* WHAT YOU ARE ASKED TO DO
Entries below include pictures. Output exactly the lines from the one with "Stage Par Lights, 18X10W" down to the one with "This bottling is", both ends included, and leave the pictures out.

* DATA FOR REVIEW
=== Begin Enclosure ===

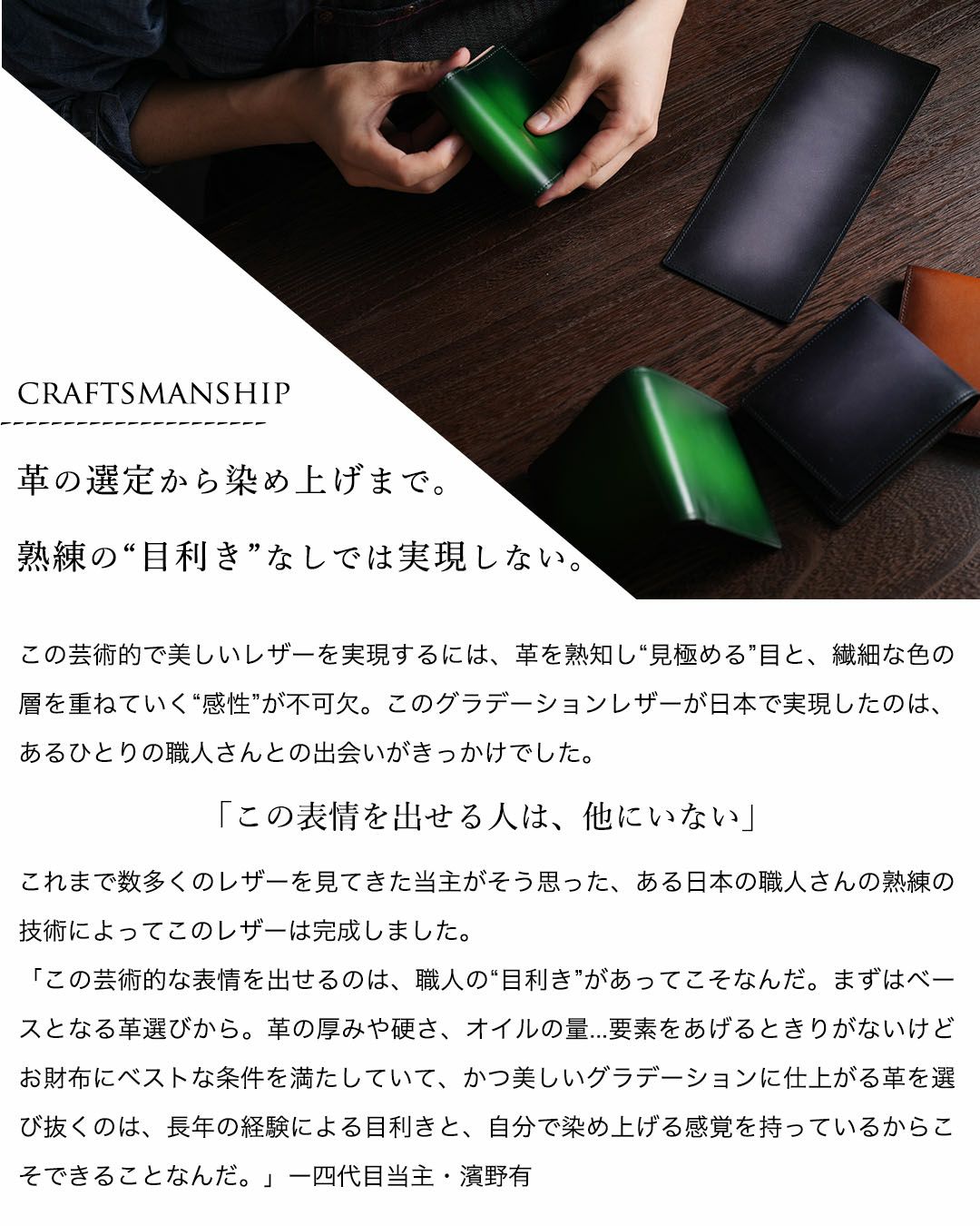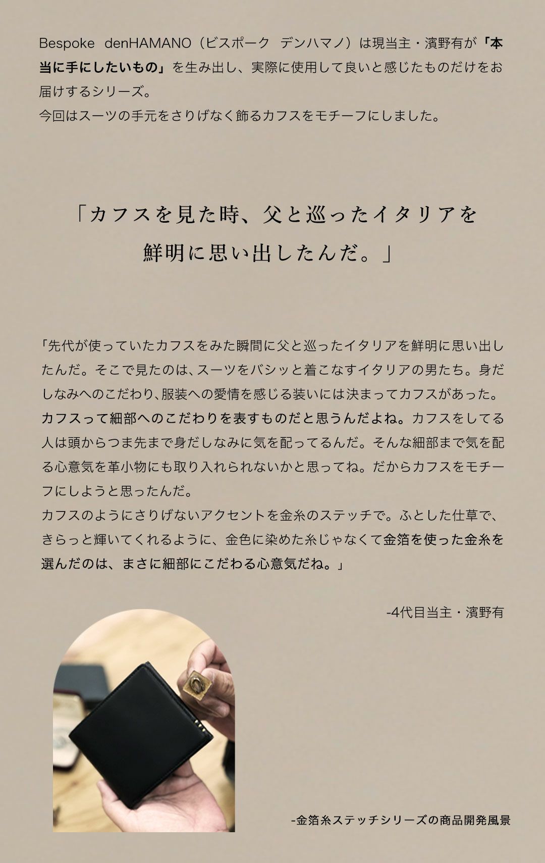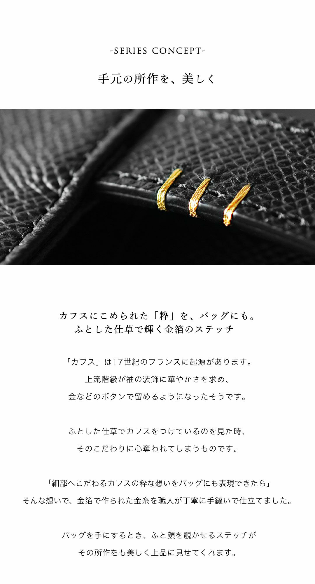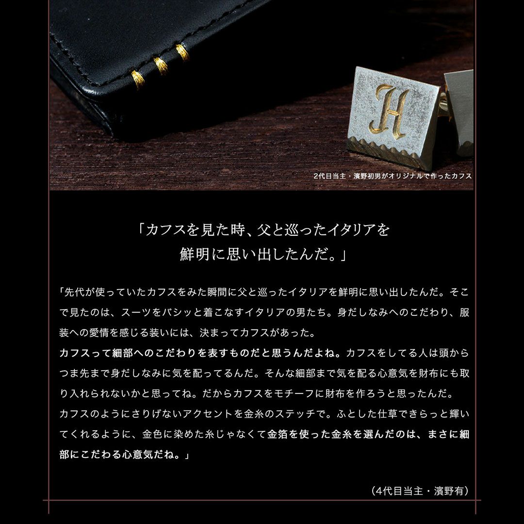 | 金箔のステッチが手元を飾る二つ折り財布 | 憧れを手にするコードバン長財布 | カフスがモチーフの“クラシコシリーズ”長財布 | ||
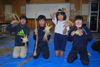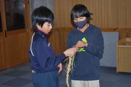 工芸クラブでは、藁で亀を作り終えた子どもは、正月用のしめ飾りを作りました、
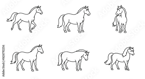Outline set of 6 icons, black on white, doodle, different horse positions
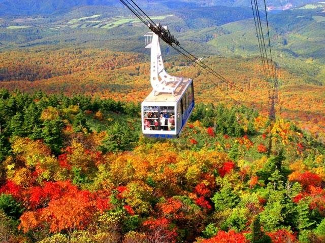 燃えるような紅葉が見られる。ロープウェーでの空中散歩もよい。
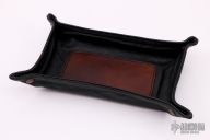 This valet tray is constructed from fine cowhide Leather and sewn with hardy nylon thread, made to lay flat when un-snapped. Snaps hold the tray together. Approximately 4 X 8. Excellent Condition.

=== End Enclosure ===
=== Begin Enclosure ===

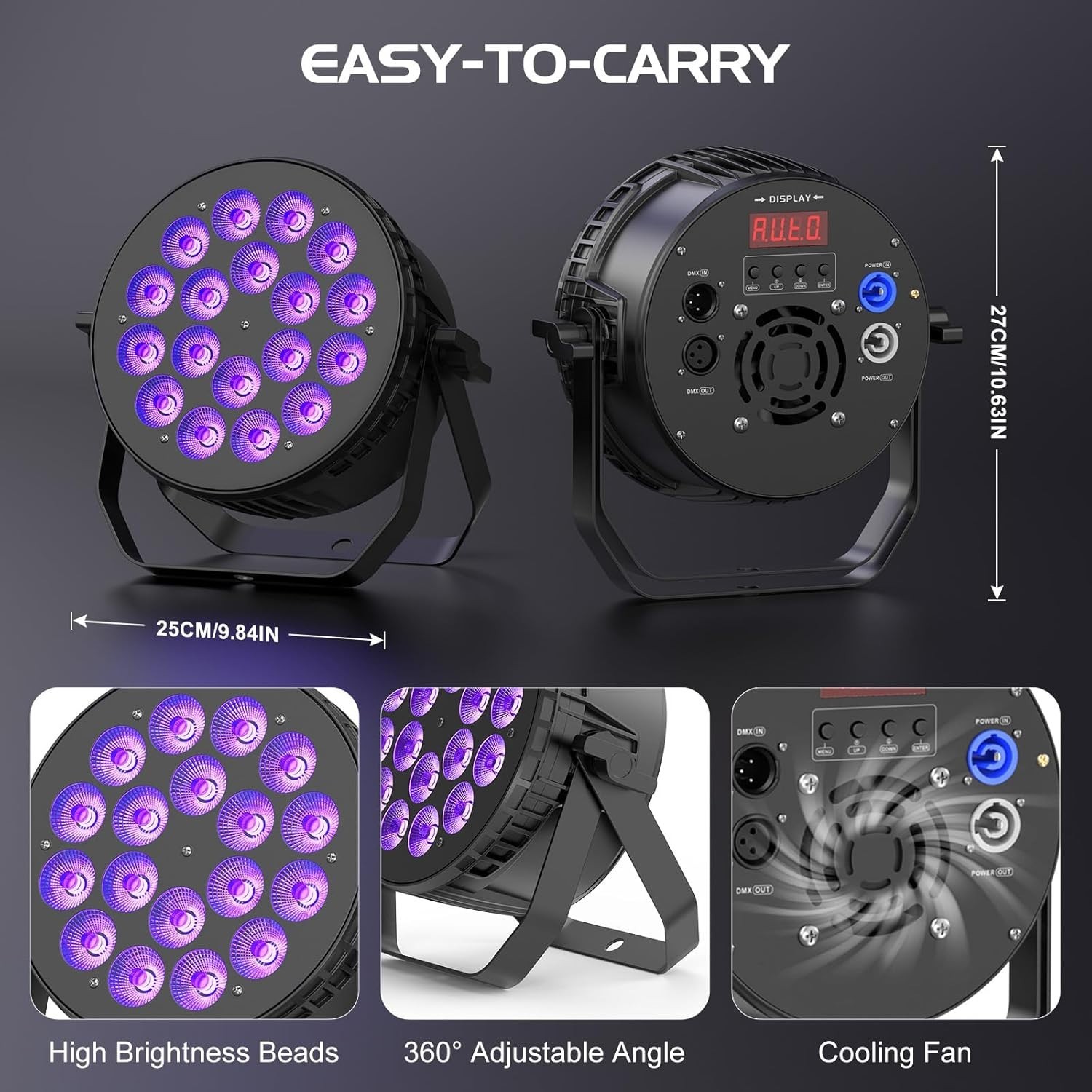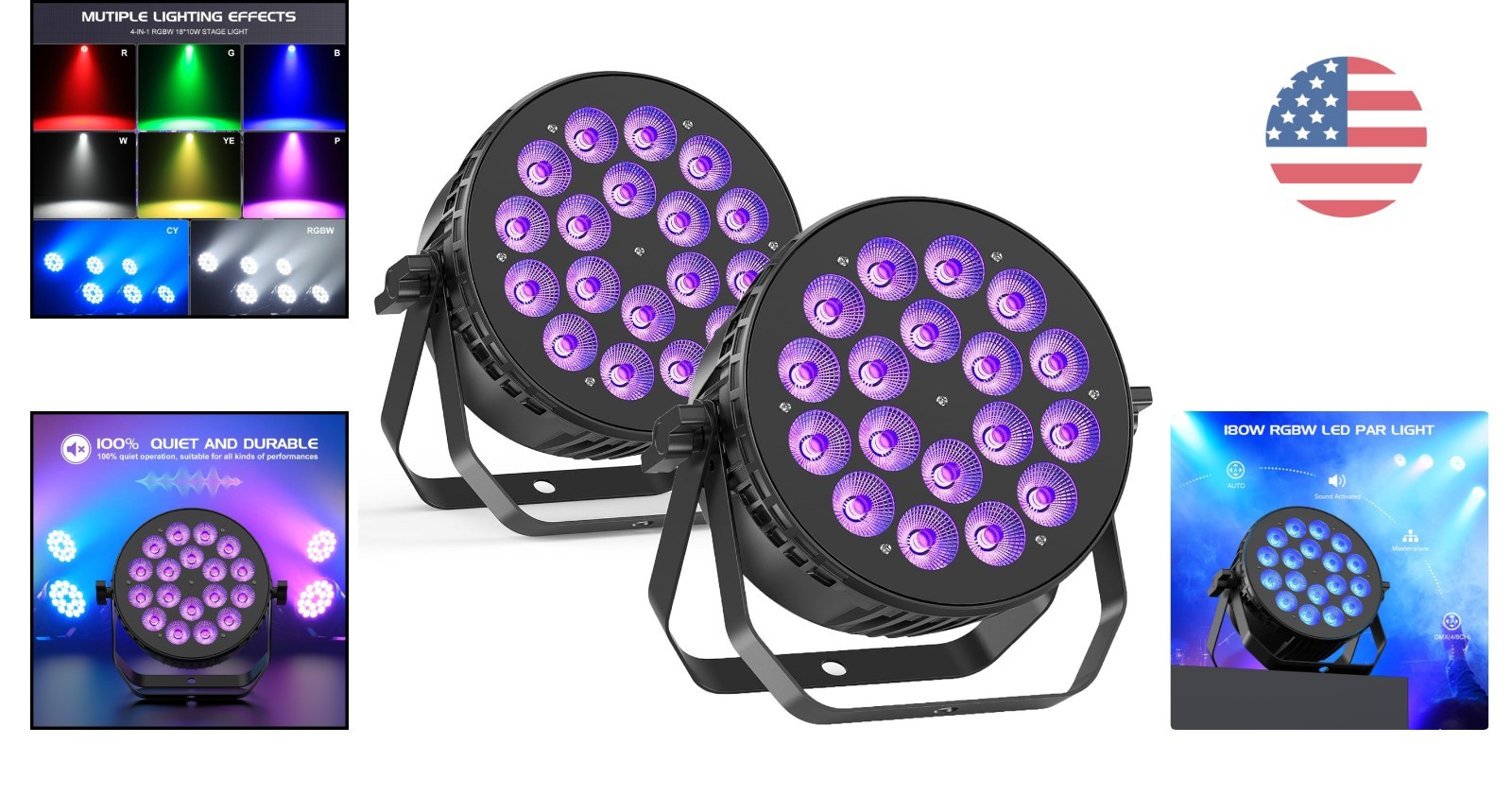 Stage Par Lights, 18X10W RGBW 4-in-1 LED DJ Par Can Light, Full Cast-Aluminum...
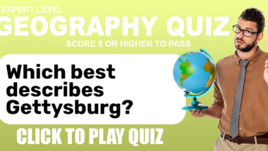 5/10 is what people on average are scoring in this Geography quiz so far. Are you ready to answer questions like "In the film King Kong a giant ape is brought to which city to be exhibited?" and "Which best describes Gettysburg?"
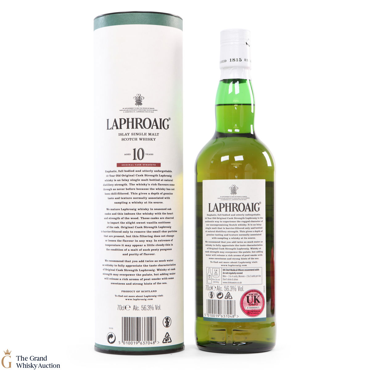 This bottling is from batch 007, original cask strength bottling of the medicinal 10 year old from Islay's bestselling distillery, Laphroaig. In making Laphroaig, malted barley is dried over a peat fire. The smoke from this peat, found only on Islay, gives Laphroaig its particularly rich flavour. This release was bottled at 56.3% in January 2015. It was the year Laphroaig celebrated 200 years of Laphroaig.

=== End Enclosure ===

* SOLUTION FOR THIS PROBLEM
 Stage Par Lights, 18X10W RGBW 4-in-1 LED DJ Par Can Light, Full Cast-Aluminum...
 5/10 is what people on average are scoring in this Geography quiz so far. Are you ready to answer questions like "In the film King Kong a giant ape is brought to which city to be exhibited?" and "Which best describes Gettysburg?"
 This bottling is from batch 007, original cask strength bottling of the medicinal 10 year old from Islay's bestselling distillery, Laphroaig. In making Laphroaig, malted barley is dried over a peat fire. The smoke from this peat, found only on Islay, gives Laphroaig its particularly rich flavour. This release was bottled at 56.3% in January 2015. It was the year Laphroaig celebrated 200 years of Laphroaig.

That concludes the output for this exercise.